MATERIAL SUPPLIED
____
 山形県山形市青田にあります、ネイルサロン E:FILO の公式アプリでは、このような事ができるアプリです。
____
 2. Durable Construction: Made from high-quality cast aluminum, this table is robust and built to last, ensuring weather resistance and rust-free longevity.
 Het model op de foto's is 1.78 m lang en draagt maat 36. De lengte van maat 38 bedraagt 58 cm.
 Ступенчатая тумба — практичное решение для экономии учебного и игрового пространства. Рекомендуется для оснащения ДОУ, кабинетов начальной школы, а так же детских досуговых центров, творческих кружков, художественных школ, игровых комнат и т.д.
____
TRY IT
From the material above, set down exactly the lines starting at the one with "2. Durable Construction: Made" and ending at the one with "Het model op", end lines included.

RESPONSE TO THE EXERCISE
 2. Durable Construction: Made from high-quality cast aluminum, this table is robust and built to last, ensuring weather resistance and rust-free longevity.
 Het model op de foto's is 1.78 m lang en draagt maat 36. De lengte van maat 38 bedraagt 58 cm.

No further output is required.